マタハラとパタハラを同時に起こす「セット型」事例

職場でのハラスメントというと
「誰が」「誰に」
行ったかという形で語られることが多いですが、実際の現場では、一方だけが被害者で一方だけが加害者という単純な構図ではないケースもあります。
たとえば、女性社員が妊娠をきっかけに不利益な扱いを受ける「マタハラ」。

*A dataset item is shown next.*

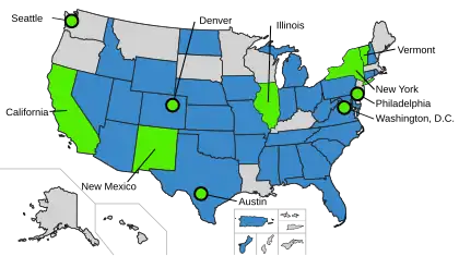 In most jurisdictions, local governments have the ability to pass ordinances, so long as they do not conflict with state law. San Francisco (California), Philadelphia (Pennsylvania), Seattle (Washington), Washington (District of Columbia), Berkeley (California), Cathedral City (California), West Hollywood (California), Austin (Texas), Cleveland (Ohio), New York City, Denver (Colorado),[83] and the US states of Vermont, New Mexico, New York State,[84] Illinois, Rhode Island,[85] Maine,[86] and California - have passed measures mandating that single-occupancy toilets in public spaces be labeled as unisex (or gender-neutral).[87][88][89] In 2022, California enacted legislation allowing cities to build multi-stall gender-neutral bathrooms.[90] Additionally, the 2021 edition of the International Plumbing Code (in use by 35 states, Puerto Rico, Guam, and DC) will require the same as individual states adopt the new edition of the code.[91][92]
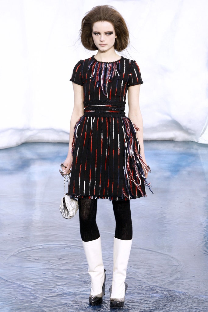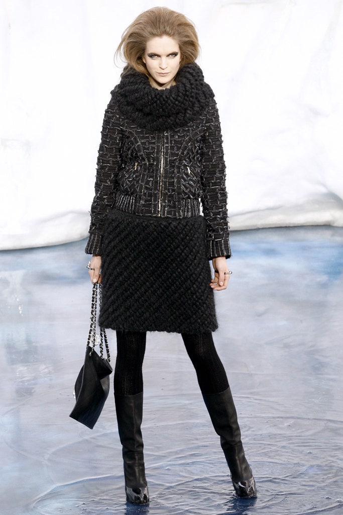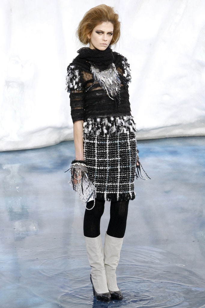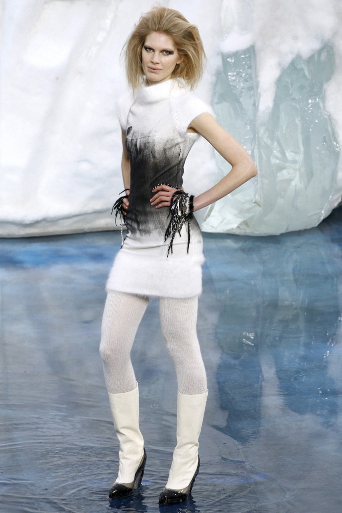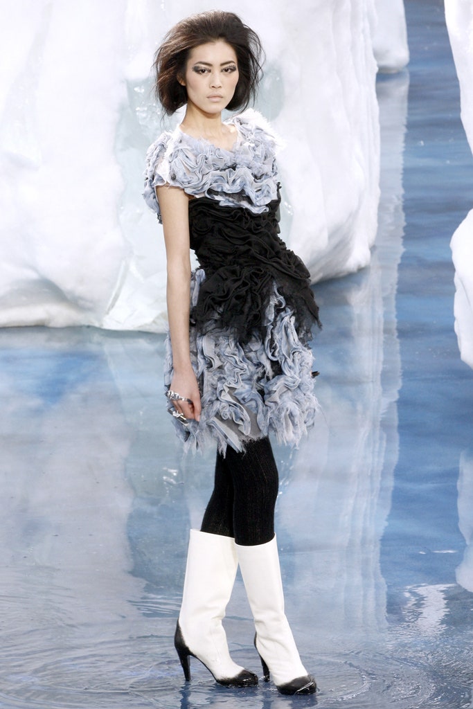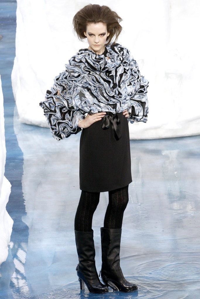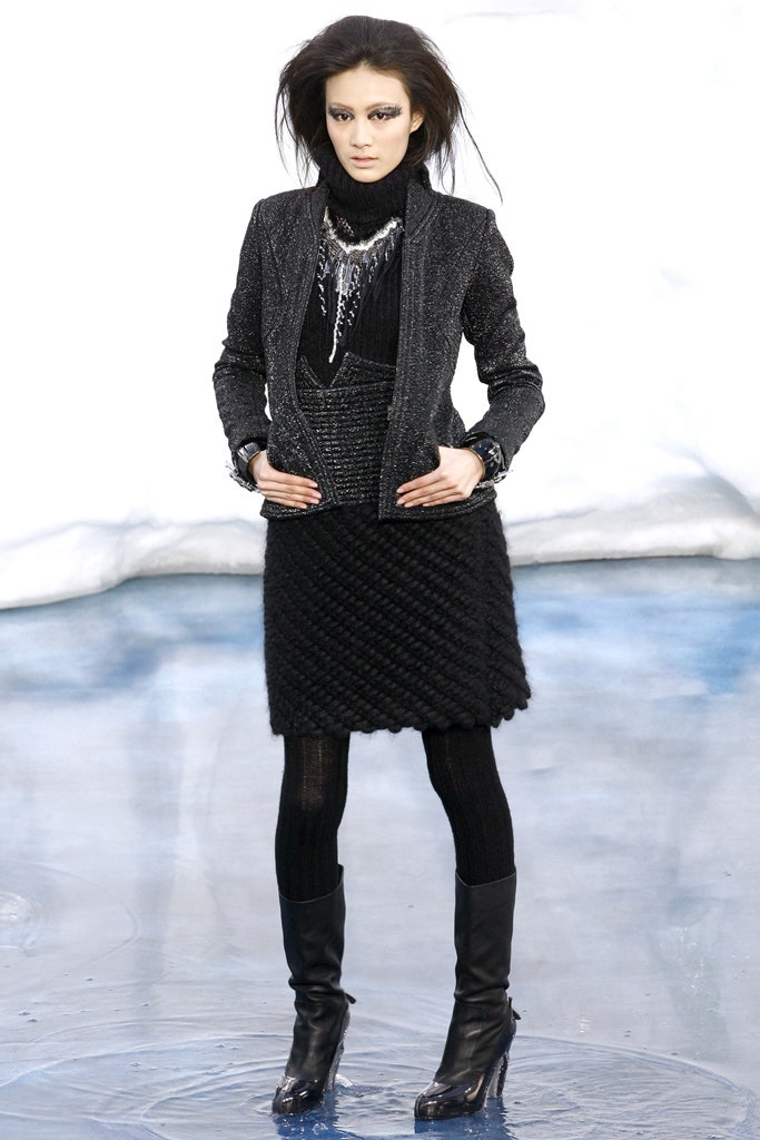 The clothes were pure Snowtastic Chic! Karl Lagerfeld spared no expense when it came to orchestrating a Chanel runway, effortlessly blurring the lines between reality and fantasy. In his signature style, he breathes life into the clothes’ with a mesmerizing set; this time it’s a colossal 28-foot-tall, 265-ton iceberg from Sweden standing resolute in the centre.

そして、男性社員が育児休業や時短勤務を希望した際に冷たい目で見られる「パタハラ」。
この2つが同じ職場で同時に発生することがあります。
この記事では、そんな「セット型ハラスメント」と呼ばれる構造的な問題を、わかりやすく整理してみましょう。
「セット型」事例とは何か
「マタハラ」と「パタハラ」が同時に起きる職場には、ある共通点があります。
それは
「性別によって役割を固定的に見てしまう空気」
が職場全体に流れていることです。
典型的なパターン
- 女性が妊娠を報告したときに「これから大変ね」と仕事を外される
- 一方で、同時期に男性が育休を希望すると「男がそこまでしなくても」と言われる
- 育児を理由に勤務時間を調整した女性に対し「特別扱い」と陰口が出る
- その陰口を避けようと男性が家庭の負担を増やすと「家庭的すぎる」と揶揄される
- 上司が「誰かが残らないと回らない」と言いながら
- 結果的に育児をする男女双方に負担を強いる
🔑 ワンポイント
このような職場では、男女どちらも「普通の働き方」を選べない空気が生まれています
なぜ同時発生するのか
専門家によると、このような「セット型ハラスメント」は、組織文化と固定観念の合わせ技によって起こりやすいと指摘されています。
背景にある3つの要因
- 性別役割の固定化
- 「女性は家庭」「男性は仕事」という無意識の前提が根強く残っている
- 制度と現場のズレ
- 就業規則上は男女平等でも、現場では「使いにくい空気」が漂っている
- 上司・同僚の過剰な公平感
- 「誰かだけが得をしてはいけない」という思いが、結果的に支援を妨げてしまう
🌈 ちょっと一息
問題は個人の性格ではなく、職場全体の「空気」や「慣習」にあります
防ぐためにできること
マタハラ・パタハラを同時に防ぐには、「男女どちらかを守る」ではなく、働き方の多様性を受け入れる文化づくりが欠かせません。
今日からできる3つの視点
- 話しやすい雰囲気をつくる
- 妊娠や育児、家庭の事情などを安心して話せるミーティング文化を整える
- 制度を「使う側」の声を拾う
- 育休や時短勤務を実際に使った人の意見を定期的にフィードバックする
- 管理職自身が手本になる
- 上司が柔軟な働き方を実践することで、部下の行動への心理的ハードルが下がる
🔑 ワンポイント
「誰かのための配慮」ではなく「みんなのための制度」という発想に変えることが大切です
まとめ
今回は、「マタハラ」と「パタハラ」が同時に発生する「セット型」事例について紹介しました。
この記事のポイント
- マタハラとパタハラが同時に起きる背景には、性別役割への固定観念がある
- 組織文化の中で「公平さ」が過剰になると、支援をためらう空気が生まれる
- 防止のカギは、制度を使いやすくする文化と対話のある職場づくりにある
ハラスメントの形は一つではありません。
大切なのは、男女どちらの立場にも「安心して声を出せる環境」を整えることです。そして、誰かの経験が職場全体の改善につながるよう、やさしい対話を重ねていくことなんです。